IOTA seeds consist of 81 trytes. Assuming a balanced trinary system, the tryte domain is $[-1, 0, 1]$. The maximum decimal number of a single tryte is 13, because $1\cdot3^0 + 1\cdot3^1 + 1 \cdot 3^2 = 13$. Consequently, I would need 4 bits to store a tryte.

I am wondering how many bits are necessary to store a IOTA seed. The maximum decimal number of an IOTA seed would be $x = \sum\limits_{i=0}^{80} 3^i $. The number of necessary bits would be $log_2(x)$, which is quite large.

Is this calculation correct?

Answer 1

You are confusing trits and trytes, see this for details.

A (balanced) trit is something that can represent an element of the set $\{-1,0,1\}$ but a tryte is an element made by 3 trits. As such, it can represent $3^3=27$ values. It follows that 81 trytes can represent $27^{81}$ values and you would need $\lceil \log_2(27^{81}) \rceil=386$ bits to represent that space.

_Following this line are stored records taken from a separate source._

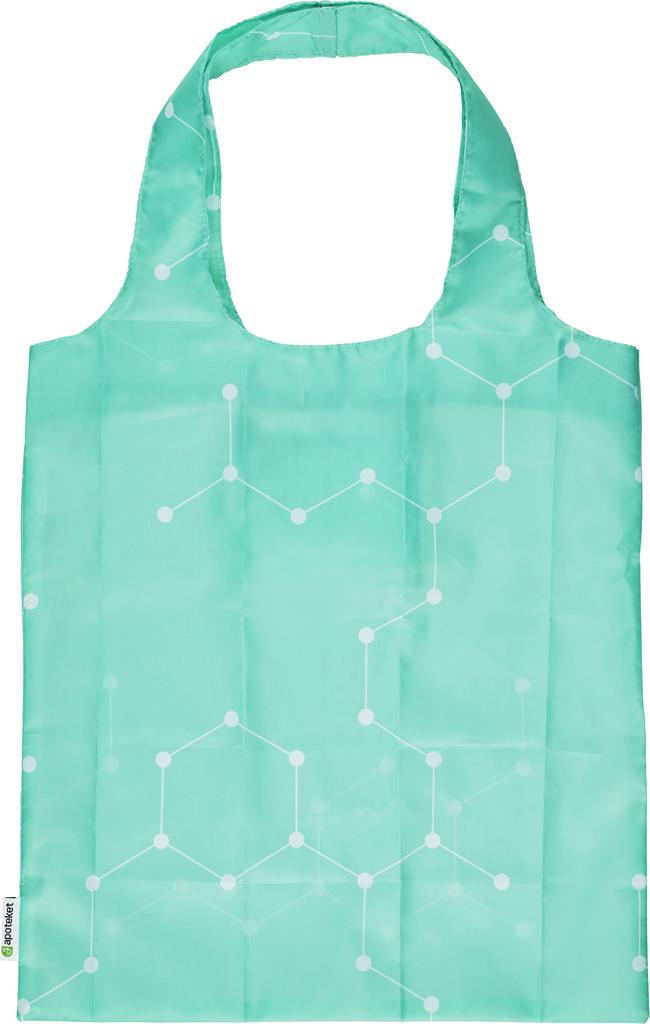 Ihopvikbar shoppingkasse tillverkad av återvunnen PET. Ett bra och miljövänligt alternativ till engångspåsar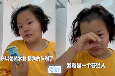 很快他就發(fā)現(xiàn)自己的頭發(fā)被剃掉了,做這件事情了,正是自己家的熊孩子。從視頻截圖可以看出,這位媽媽的臉上寫滿了“心累”,眼圈還有些泛紅。她額頭前的頭發(fā)幾乎全部被剃掉了,光禿禿的一大片。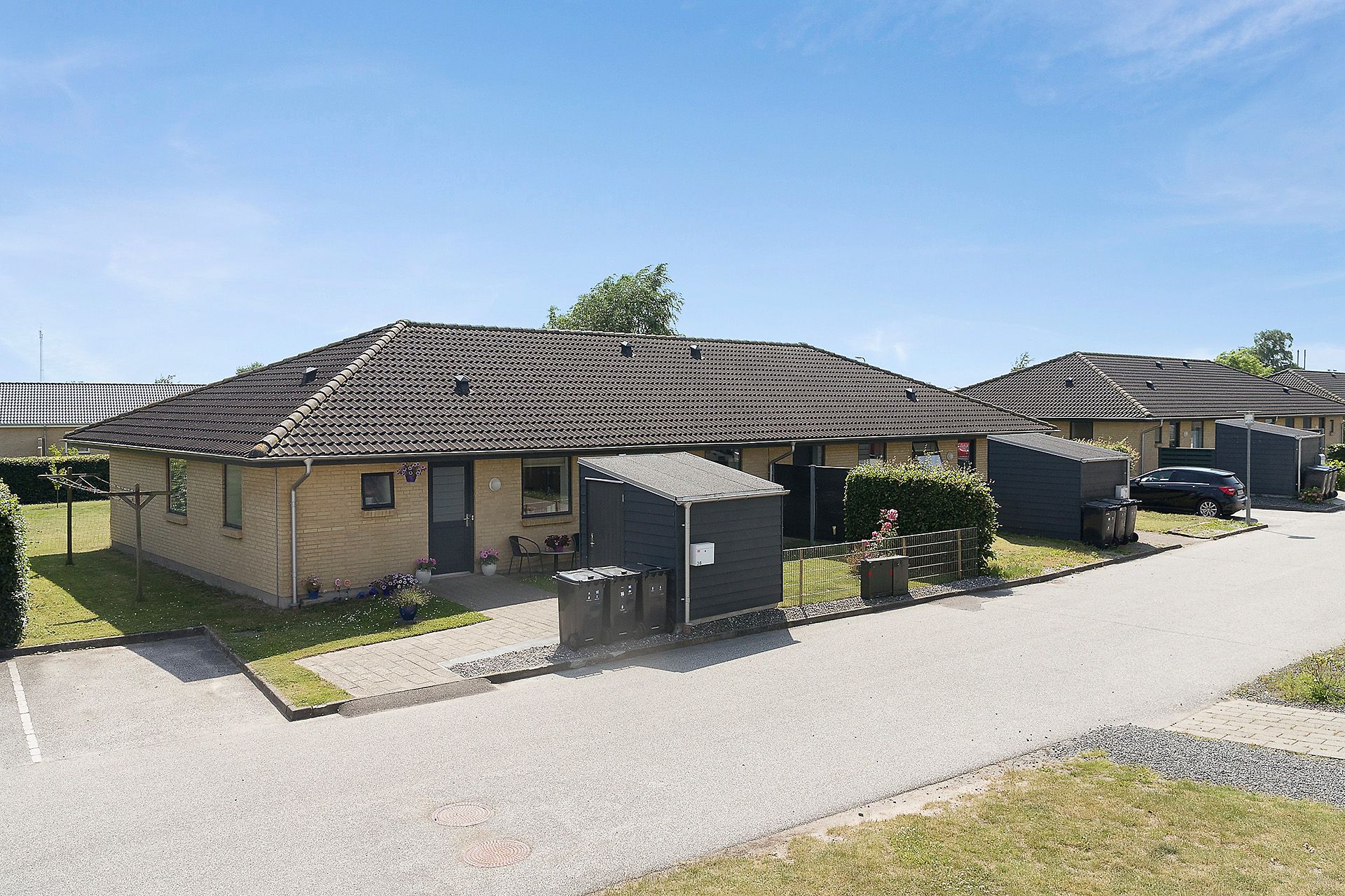De fritliggende dobbelt- og rækkehuse er opført i klassiske gule mursten og byder på en funktionel planløsning med fokus på komfort og trivsel. Her får du et hjem med privat terrasse, et lille grønt haveareal og masser af plads til både store og små. Området er lukket og roligt Perfekt for familier, der ønsker trygge rammer. I nærområdet finder du både fodboldbane og legeplads til de mindste.

However it could be simpler to represent a trit as two bits, a tryte as 6 bits, and therefore a seed as $6*81=486$ bits as this would be simpler to convert to/from ternary.

Answer 2

I do not get why one trit would be able to store 13 decimal values. The difference between trit and bit is that bit can store 2 possible values (thus base 2) and trit can store 3 possible values (base 3).

The calculation $log_2(3^{81})$ seems correct (thanks Christoph).